Task directions – Set down the whole listing below exactly, without pictures.

### Dataset

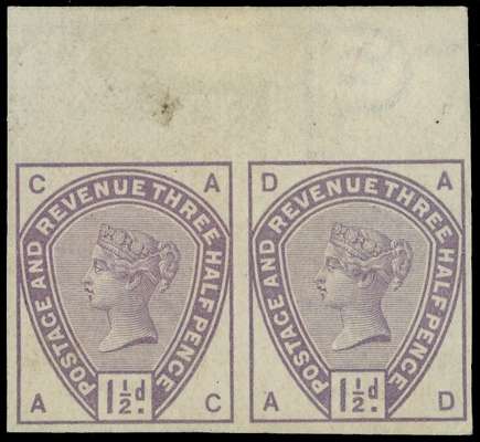 1883-84 1½d lilac (AC-AD) top marginal, imperforate horizontal pair, fine large part o.g. very scarce. SG 188a, £6500+
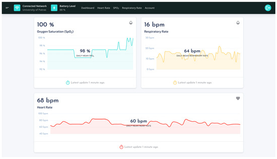 The dashboard, shown in Figure 11, is the core interface of the front-end, and serves as personalized analytics overview and real-time monitoring tool. The primary objective of the proposed dashboard relates to the visualization of the user’s latest measurements, captured by the wearable device, in an intuitive and user-friendly way. Therefore, it employs UI components, mainly embedded line charts within cards, to depict the trend of each physiological parameter over the last one hour. Charts establish an asynchronous connection with the database; thus, they are automatically updated in a real-time manner with the latest measurements recorded by the wearable device. The horizontal axis of each chart represents the time, whereas the vertical axis represents the captured values of the specific physiological parameter displayed. Below each chart stands a card footer which informs end-users for the time of the chart’s data latest update.
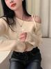 Suéter de Punto Coreano Chic Rojo con Hombros Descubiertos y Cordones para Mujer Primavera y Otoño Nuevo Diseño Nicho Top Suave y Ceroso
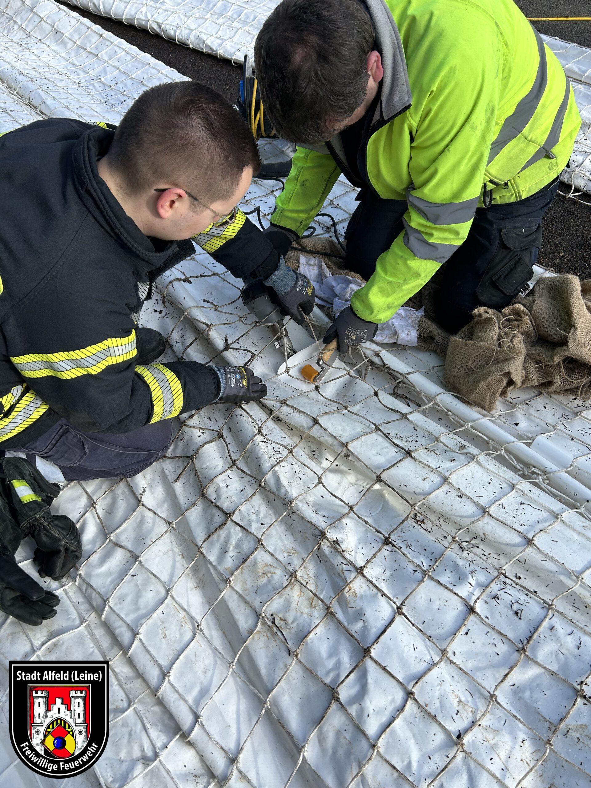 Am gestrigen Samstag (24.02.2024) trafen sich einige unserer Kameraden, um den im Dezember zum Hochwasserschutz aufgebauten Mobildeich zu flicken und wieder aufzurollen.
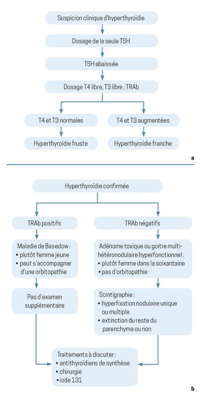 Extrait de : Prise en charge des dysthyroïdies Lire aussi Article Web Dysthyroïdies : éviter examens et traitements inutiles Article Prise en charge des dysthyroïdies Article Web Nodules thyroïdiens : quand et comment explorer ? Article Hyperthyroïdie Article Cas particuliers d’hyperthyroïdie
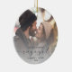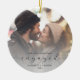 Commemorate your engagement with this beautiful modern keepsake ornament. The charcoal grey text reads "Our first Christmas engaged," with the word "engaged" in elegant script with swashes before and after. Replace the sample image with your favourite photo, and add your names and the year. A white gradient filter helps make the text pop.
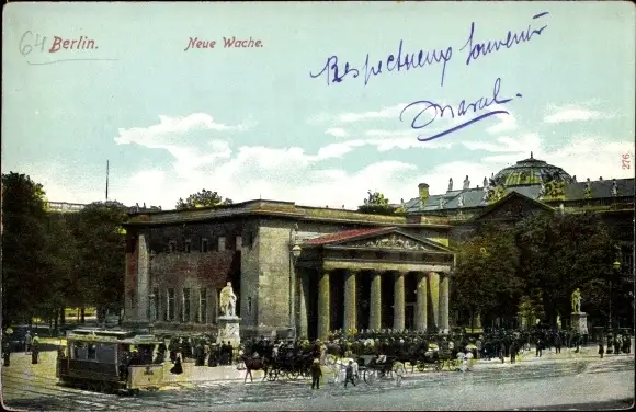 Ak Berlin Mitte, Unter den Linden, Neue Wache, Tram, Denkmal
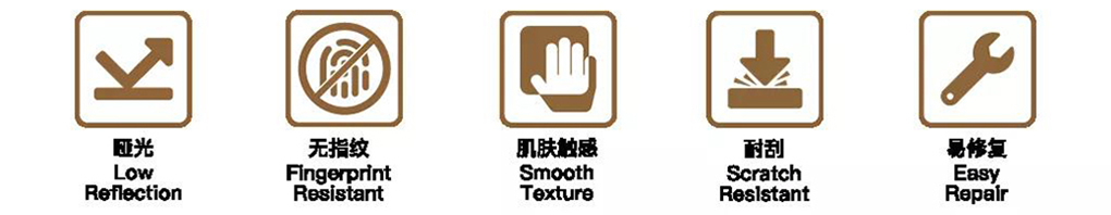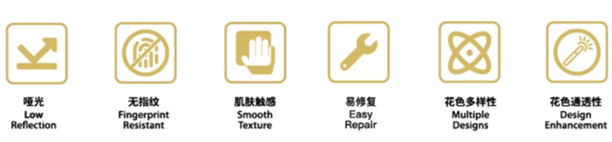 Tấm dán bảo dưỡng tia điện tử BODA là một vật liệu bề mặt mới, sáng tạo. Laminate chống bám vân tay là sản phẩm công nghệ cao đặc biệt được ưa chuộng trong hai năm qua. Sản phẩm áp dụng vật liệu bề mặt mới và công nghệ xử lý và xử lý bằng tia điện tử (EBC), nhờ đó bề mặt sản phẩm có khả năng chống bám vân tay, cảm ứng da em bé siêu mềm, chống mài mòn, sửa chữa và các chức năng mới khác. BODA M.S. các tấm nano được phủ một lớp nhựa acrylic thế hệ mới và được bảo dưỡng bằng các chùm điện tử đặc biệt. Giải pháp bề mặt mới này mang đến trải nghiệm tuyệt vời chưa từng có cho nội thất.
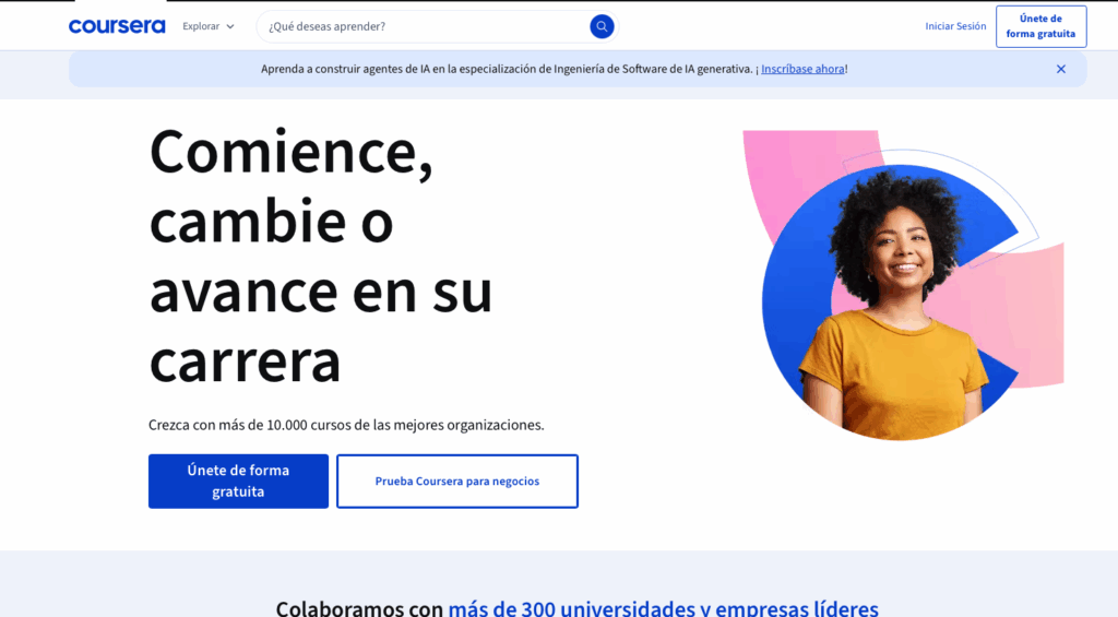 Uno de los referentes mundiales en educación online. Ofrece cursos de universidades y empresas líderes como Stanford, Google o Meta, muchos de ellos con acceso gratuito en su modalidad de auditoría.
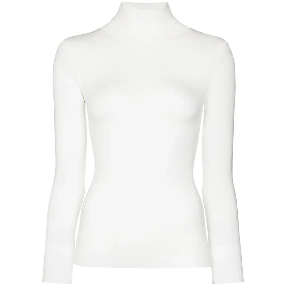 Высокое горлышко с заворотом и длинные рукава. Цвет: белый.
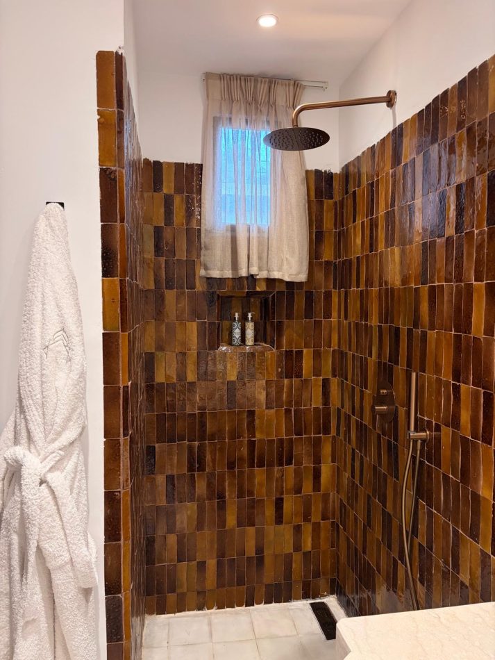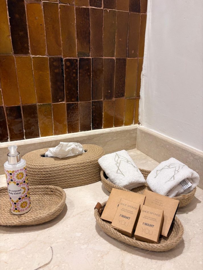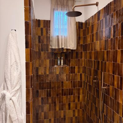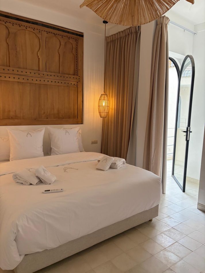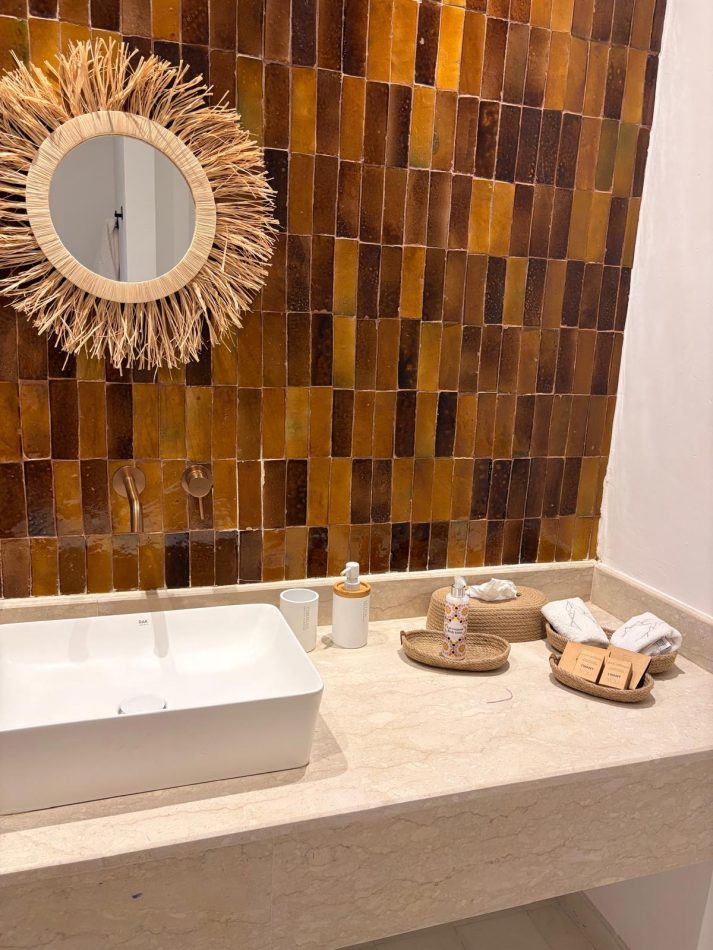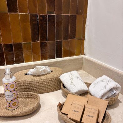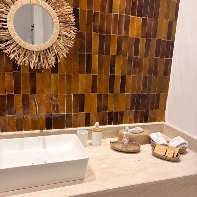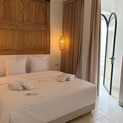 Sous la chaleur douce du zellige couleur cognac, Le Fairway du Palais évoque le charme intemporel des demeures marocaines. Les carreaux de ciment beige et blanc reflètent une lumière apaisante, tandis que la tête de lit, inspirée d’une ancienne porte berbère, raconte l’âme artisanale du Maroc. Les luminaires en raphia diffusent une lueur dorée, comme un coucher de soleil sur les dunes. Une chambre à la fois authentique et élégante, où le passé dialogue subtilement avec le confort contemporain.

######

Output below –
 1883-84 1½d lilac (AC-AD) top marginal, imperforate horizontal pair, fine large part o.g. very scarce. SG 188a, £6500+
 The dashboard, shown in Figure 11, is the core interface of the front-end, and serves as personalized analytics overview and real-time monitoring tool. The primary objective of the proposed dashboard relates to the visualization of the user’s latest measurements, captured by the wearable device, in an intuitive and user-friendly way. Therefore, it employs UI components, mainly embedded line charts within cards, to depict the trend of each physiological parameter over the last one hour. Charts establish an asynchronous connection with the database; thus, they are automatically updated in a real-time manner with the latest measurements recorded by the wearable device. The horizontal axis of each chart represents the time, whereas the vertical axis represents the captured values of the specific physiological parameter displayed. Below each chart stands a card footer which informs end-users for the time of the chart’s data latest update.
 Suéter de Punto Coreano Chic Rojo con Hombros Descubiertos y Cordones para Mujer Primavera y Otoño Nuevo Diseño Nicho Top Suave y Ceroso
 Am gestrigen Samstag (24.02.2024) trafen sich einige unserer Kameraden, um den im Dezember zum Hochwasserschutz aufgebauten Mobildeich zu flicken und wieder aufzurollen.
 Extrait de : Prise en charge des dysthyroïdies Lire aussi Article Web Dysthyroïdies : éviter examens et traitements inutiles Article Prise en charge des dysthyroïdies Article Web Nodules thyroïdiens : quand et comment explorer ? Article Hyperthyroïdie Article Cas particuliers d’hyperthyroïdie
 Commemorate your engagement with this beautiful modern keepsake ornament. The charcoal grey text reads "Our first Christmas engaged," with the word "engaged" in elegant script with swashes before and after. Replace the sample image with your favourite photo, and add your names and the year. A white gradient filter helps make the text pop.
 Ak Berlin Mitte, Unter den Linden, Neue Wache, Tram, Denkmal
 Tấm dán bảo dưỡng tia điện tử BODA là một vật liệu bề mặt mới, sáng tạo. Laminate chống bám vân tay là sản phẩm công nghệ cao đặc biệt được ưa chuộng trong hai năm qua. Sản phẩm áp dụng vật liệu bề mặt mới và công nghệ xử lý và xử lý bằng tia điện tử (EBC), nhờ đó bề mặt sản phẩm có khả năng chống bám vân tay, cảm ứng da em bé siêu mềm, chống mài mòn, sửa chữa và các chức năng mới khác. BODA M.S. các tấm nano được phủ một lớp nhựa acrylic thế hệ mới và được bảo dưỡng bằng các chùm điện tử đặc biệt. Giải pháp bề mặt mới này mang đến trải nghiệm tuyệt vời chưa từng có cho nội thất.
 Uno de los referentes mundiales en educación online. Ofrece cursos de universidades y empresas líderes como Stanford, Google o Meta, muchos de ellos con acceso gratuito en su modalidad de auditoría.
 Высокое горлышко с заворотом и длинные рукава. Цвет: белый.
 Sous la chaleur douce du zellige couleur cognac, Le Fairway du Palais évoque le charme intemporel des demeures marocaines. Les carreaux de ciment beige et blanc reflètent une lumière apaisante, tandis que la tête de lit, inspirée d’une ancienne porte berbère, raconte l’âme artisanale du Maroc. Les luminaires en raphia diffusent une lueur dorée, comme un coucher de soleil sur les dunes. Une chambre à la fois authentique et élégante, où le passé dialogue subtilement avec le confort contemporain.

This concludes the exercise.